For instance, when Atalanta first saw one of Deucalion’s friends meticulously engraving his name on wooden swords and bows, Atalanta realized what her master had been doing to the prince all along.
Ah. So that was it. Just as animals scratch the base of trees to declare their territory, humans engrave their names on anything of value to them.
Thus, from that time, the most valuable thing in Pherenike’s life was Deucalion Paetusa. As if engraving her name thousands of times would still not be enough.
As if to ensure that no one could ever take him from her again.
Pherenike is a woman who wishes her name to be inscribed in the flesh and blood of Deucalion. Just as God had marked her body, she planted her mark in every strand of the prince’s silver hair.
Atalanta had long noticed her master’s borderline madness. In fact, Deucalion was right.
Pherenike had always despised him for receiving healing from anyone else since he was young. She preferred perfection. There was no way she would happily allow inferior Althea to infiltrate and erase her mark on that body, which she had reconstructed dozens of times, like her own sanctuary.

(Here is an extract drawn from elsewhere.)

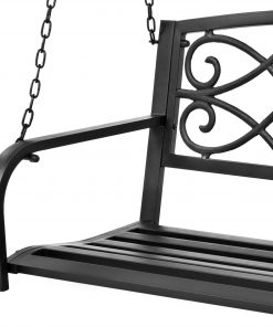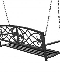 Swing in style with the Farm Home Black Sturdy 2 Seat Porch Swing Bench Scroll Accents. Crafted with a sleek, rustic design sure to blend well with your home’s porch or patio decor. This classic, eye-catching swing bench boasts a fleur-de-lis design in the center of its back for a touch of refined beauty.Lounge outside for some you time or hang out with a friend, as the bench can easily seat 2 people. Made of heavy-duty metal, this bench withstands the elements to resist rust buildup and last through the years.
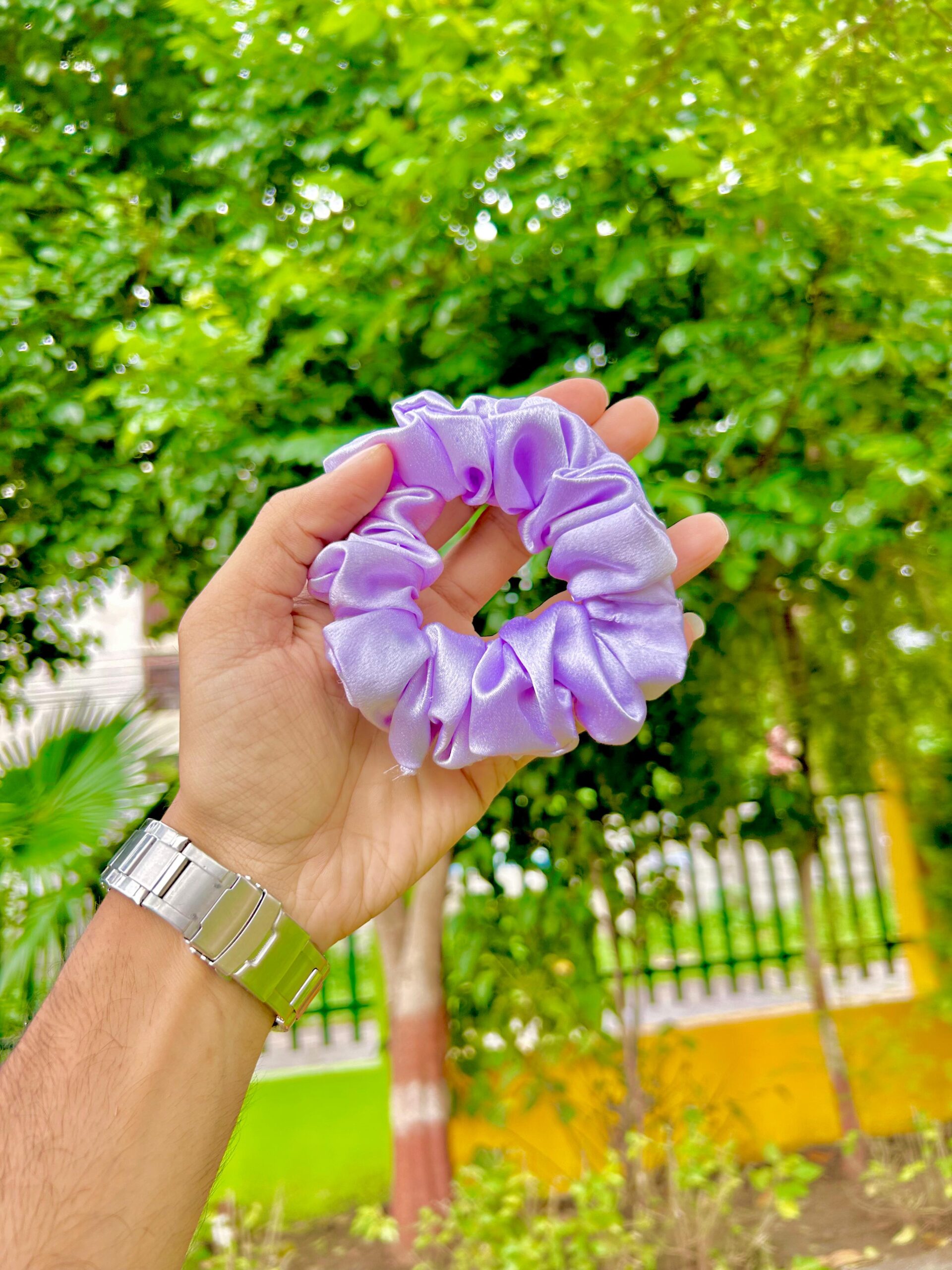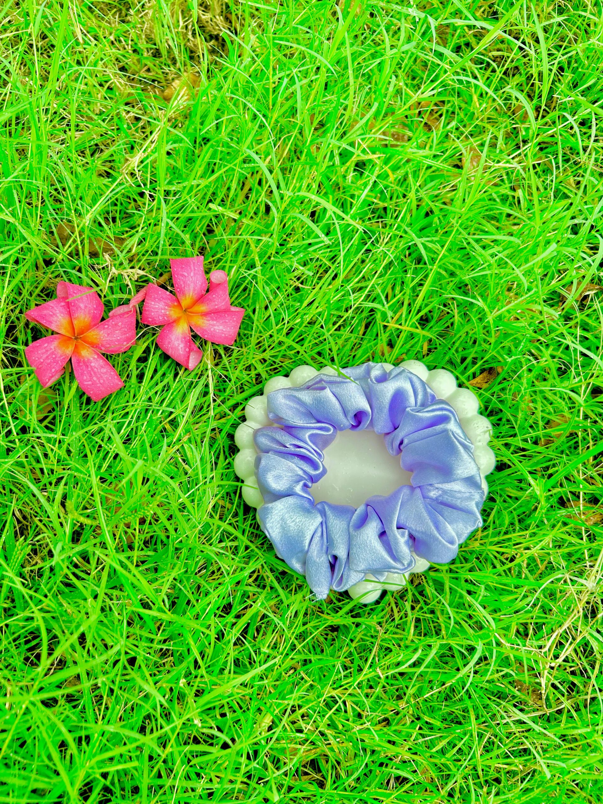Handmade Purple Satin Fabcric Hair Scrunchies , Hair Ties, Rubber Band For Womens And Girls

Yet, she couldn’t possibly wish for him to be in such pain and agony while unreachable by her hands.
[“Pherenike hates seeing you in pain more than anything.”] the lioness earnestly conveyed. However, Deucalion had already closed his eyes, not reading the message offered by Atalanta.
Contrary to Dexikos’s memories that start from an earlier time, the young Deucalion remembered by Atalanta appeared a bit more refined, especially compared to Pherenike.
And even more so compared to the man now.
In truth, drawing distinctions between them hardly mattered. The boy and girl regarded each other with an almost eerie absoluteness from the start. They floundered in blind love early on, each desiring to monopolize the other from everything in the world.
It just so happened that the power each was born with was different. Orthea’s power was to harm, while Althea’s was to heal.
From very early on, Pherenike generously lavished her ‘harmless’ sacred Althea on the prince, claiming it as her territory of life. It served as both a fence to protect her love and a prison to confine it.
She nonchalantly used it as a leash to bind her love.